ABOUT THIS TASK:
Only the lines below from the one containing "Buildings along Lake" through the last line should be set down, exactly as written and with no pictures.
_ _ _ _
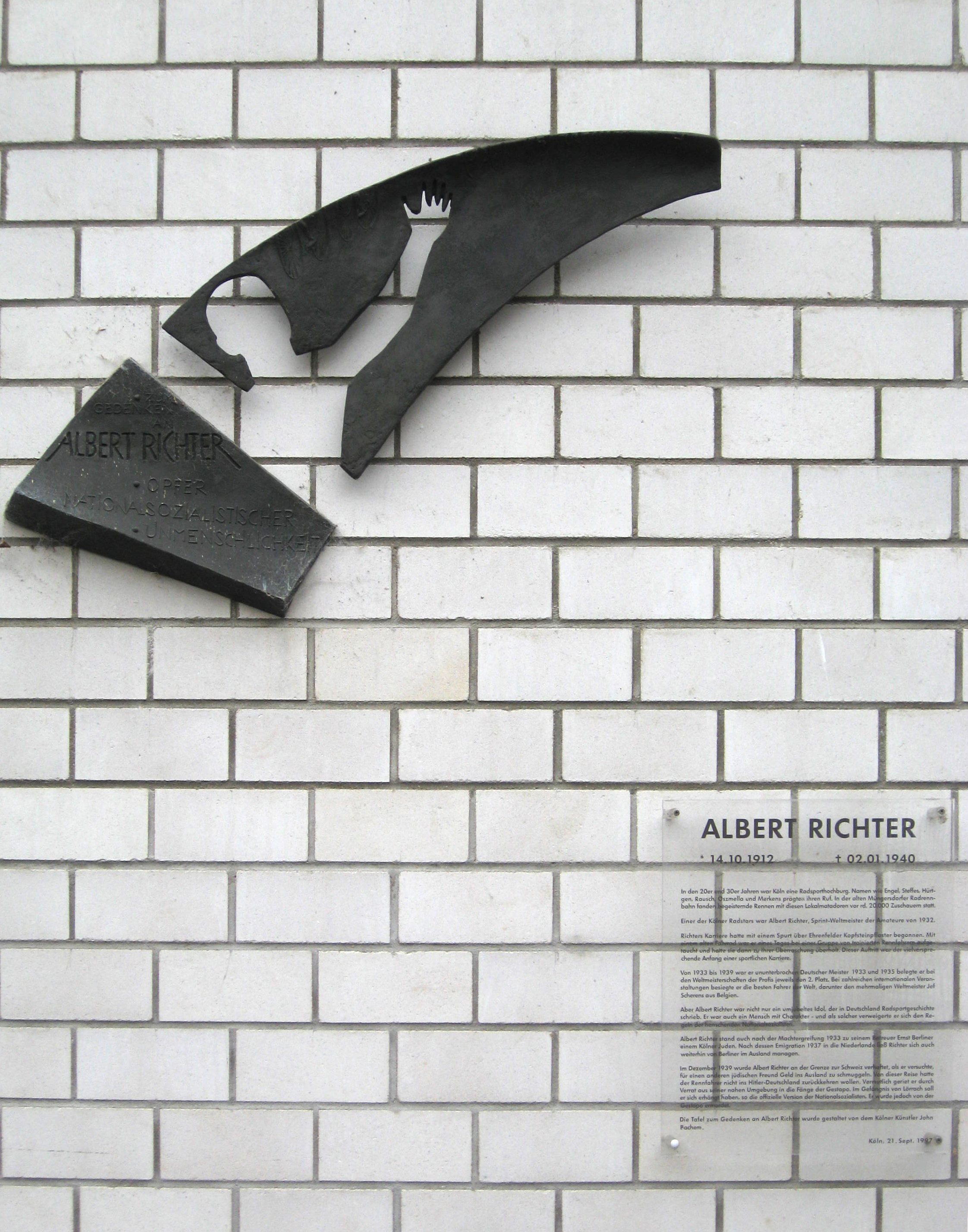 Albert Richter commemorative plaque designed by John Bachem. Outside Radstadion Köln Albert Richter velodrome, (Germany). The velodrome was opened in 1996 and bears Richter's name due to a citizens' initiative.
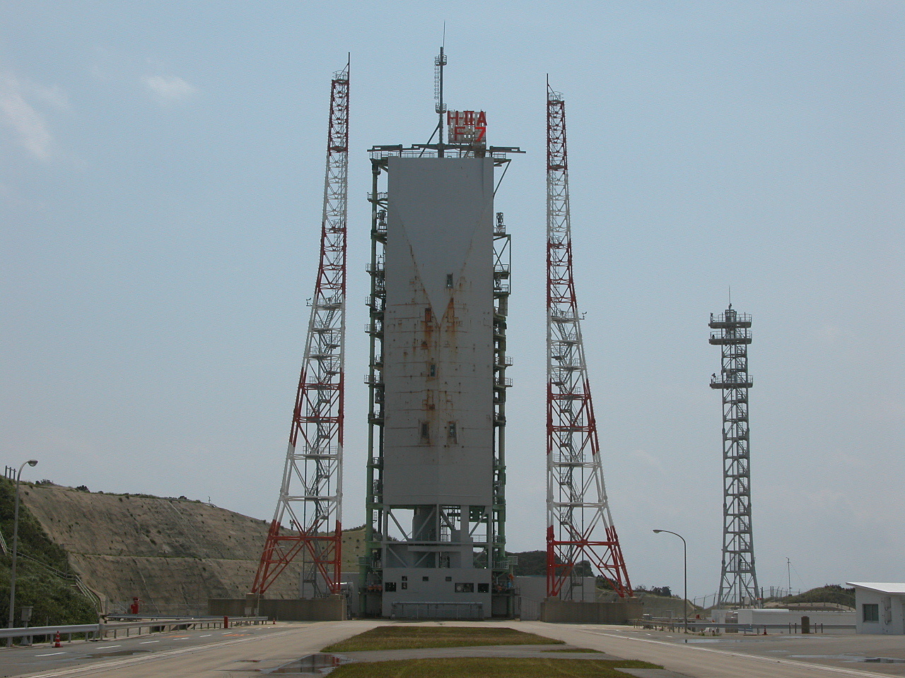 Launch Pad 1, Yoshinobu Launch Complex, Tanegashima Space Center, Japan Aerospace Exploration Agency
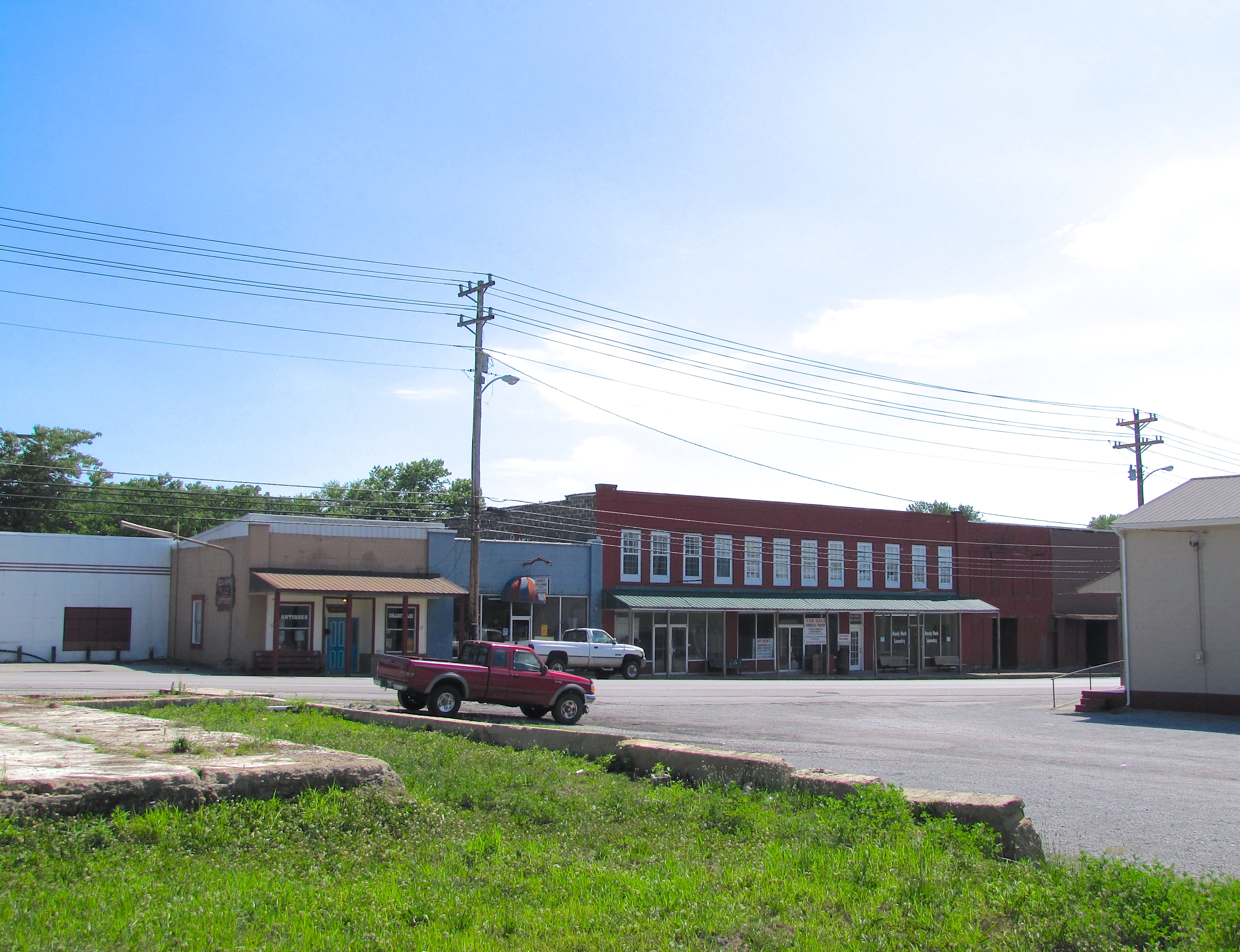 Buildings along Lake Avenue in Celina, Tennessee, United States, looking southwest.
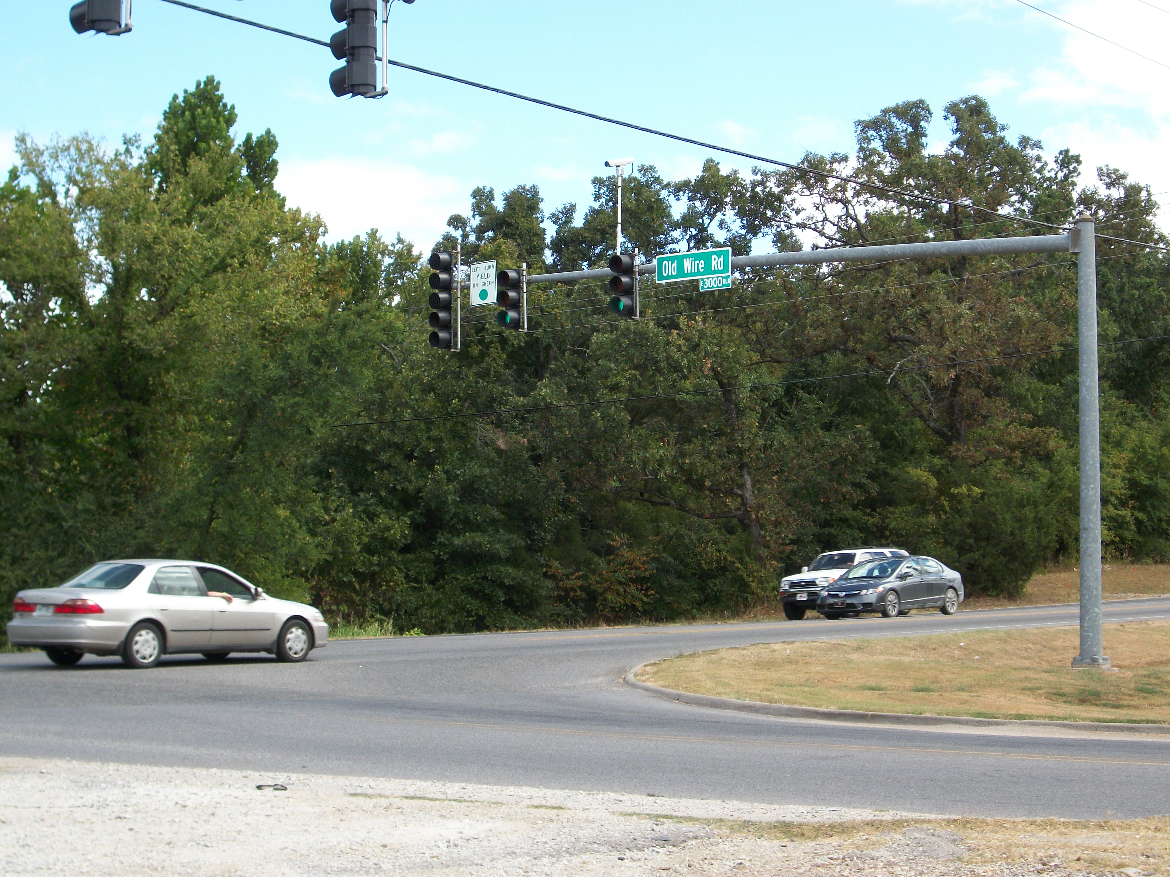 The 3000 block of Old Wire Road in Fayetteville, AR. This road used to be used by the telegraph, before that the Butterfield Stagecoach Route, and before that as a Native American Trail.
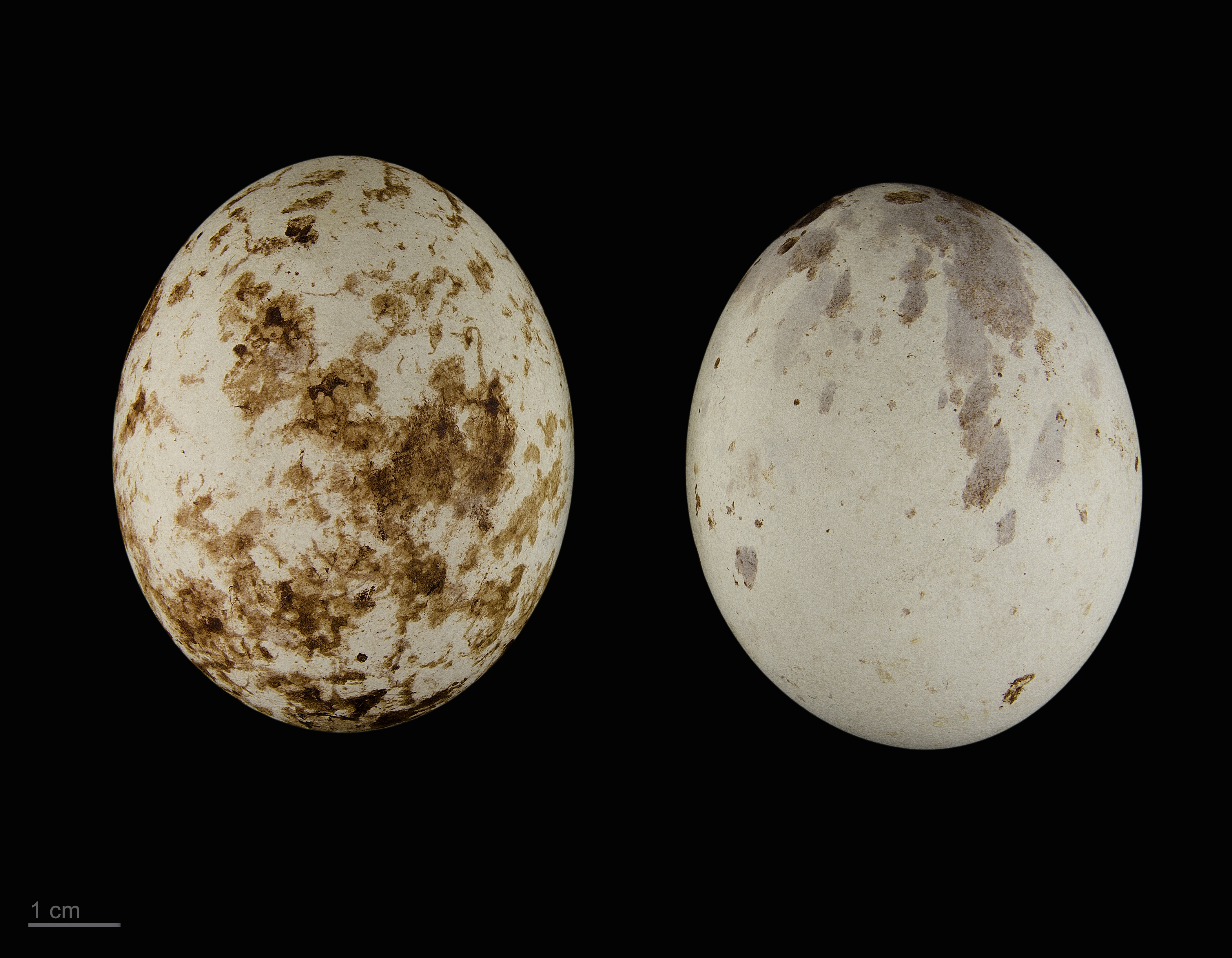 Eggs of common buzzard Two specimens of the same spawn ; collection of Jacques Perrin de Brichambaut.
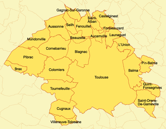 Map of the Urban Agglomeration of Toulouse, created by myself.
_ _ _ _
RESULT:
 Buildings along Lake Avenue in Celina, Tennessee, United States, looking southwest.
 The 3000 block of Old Wire Road in Fayetteville, AR. This road used to be used by the telegraph, before that the Butterfield Stagecoach Route, and before that as a Native American Trail.
 Eggs of common buzzard Two specimens of the same spawn ; collection of Jacques Perrin de Brichambaut.
 Map of the Urban Agglomeration of Toulouse, created by myself.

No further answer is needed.